I hate the bastards. Ours have just cut our respite despite the review showing dd's needs are higher, and despite the fact we scored a lot higher this time round than last time. And because I dared to lose my temper with the woman I am described as 'emotionally volatile' in the review. I have got the review as an email and am sending it on the local MP, Cameron and Brown. (Yes, this is getting personal!)

Don't mean to highjack your post, just trying to say I agree with you, and am sending some internet support. For what it's worth.

Fuck em. I hate them. (And I am usually quite rational and not so reactionary.....!)

ChopsTheDuck Tue 15-Jul-08 16:13:11

they think they know best about everything. Drove me nuts too.

PeachyBAHons Tue 15-Jul-08 16:29:05

yep theyre bloody useless (sorry to mn sw, but thats my experience)

our review for ds3- when i was asking for someone to help if i went intp hospital to deliver ds4- just says 'mum is intelligent and caring', no help offered

because of course intelligent caring mums never have childbirth emergencies then? fgs

Riven, your house is not a mess, its homely yes but was nice and welcoming. Your boys are from what I saw lovely young men to be proud of and hence a good reflection on your parenting.

as for the cosleeping thats your choice and with your d's needs nigh on essential I would say!

My last job was aligned to SS and I did lots of revews, when I met you I saw nothing to ring any alarm bells, quite the reverse- this person was just being a complete cowbag.

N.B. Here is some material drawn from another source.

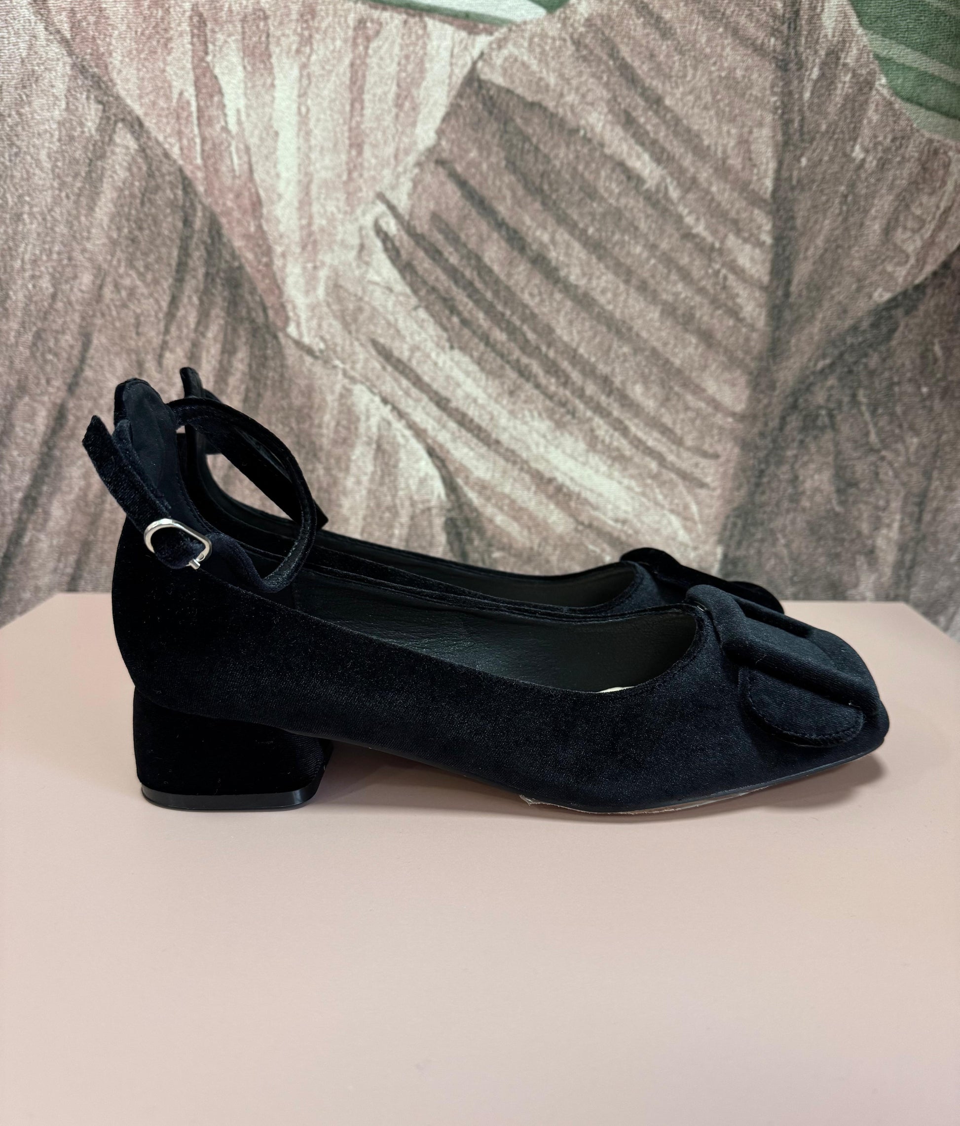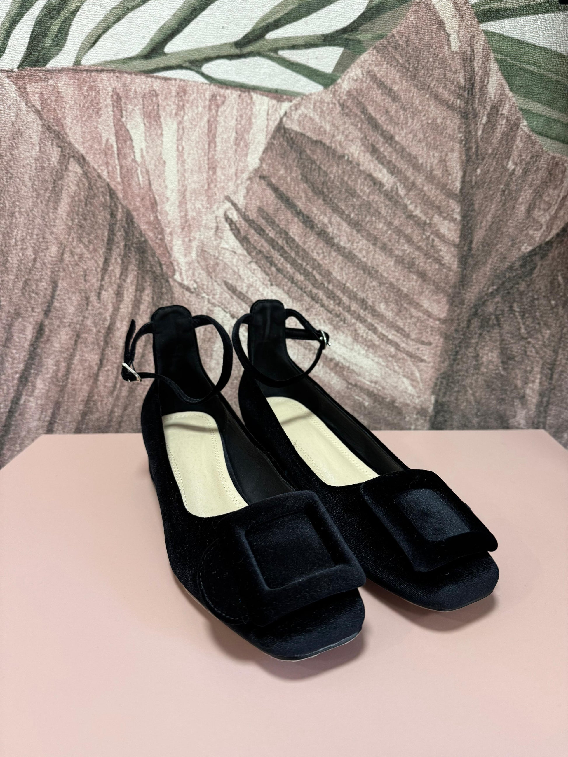Ballerina in velluto nero con tacco basso e fibbia in matching color

cory Tue 15-Jul-08 17:35:34

I had very limited contact with SS (and certainly no help!) but I found the best policy was to tell them as little as possible about our private arrangements. Unfortunately, most parents probably do the same- which perhaps means they don't learn enough about the parameters of normal parental behaviour.

MannyMoeAndJack Tue 15-Jul-08 17:51:27

This is terrible but it sadly fits my own experience of SS and (some) SWs. You cannot win with some of their assessments: appear too 'on top of things' and you'll receive a report that states, 'house appeared to be in good order'; but get angry and you'll be asked whether you've been prescribed anti-ds or thought about going for counselling.

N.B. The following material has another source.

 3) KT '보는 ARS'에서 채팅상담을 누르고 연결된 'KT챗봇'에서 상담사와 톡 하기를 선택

The main objective with SS/SWs is to preserve their budgets at all costs.

Although they know that we are reliant upon them for obtaining help, they are simply not there when the going gets tough and it all kicks off. It's so easy for them to walk into our lives for an hour or so, espouse the latest theory and then walk away again.

cocolepew Tue 15-Jul-08 17:52:54

You should have made her call you 'Dr. Riven'.

PheasantPlucker Tue 15-Jul-08 17:54:55

Totally agree with MannyMoeAndJack.

MannyMoeAndJack Tue 15-Jul-08 17:54:59

And I wonder whether their concern about your sleeping arrangements is just them being worried that your dh may up and leave - which they envisage would lead to you asking for more help! Talk about covering all the bases.

jimjamshaslefttheyurt Tue 15-Jul-08 17:58:34

They're shite.

Sent my second complaint to them in one month this week.

Utterly utterly shite.

They forget their job is to support.

MannyMoeAndJack Tue 15-Jul-08 18:00:05

They are administrators first and foremost, even if they don't realise it themselves!

TotalChaos Tue 15-Jul-08 18:03:03

Re:mess in house and co-sleeping - why the f*ck don't they see that's WHY you need respite.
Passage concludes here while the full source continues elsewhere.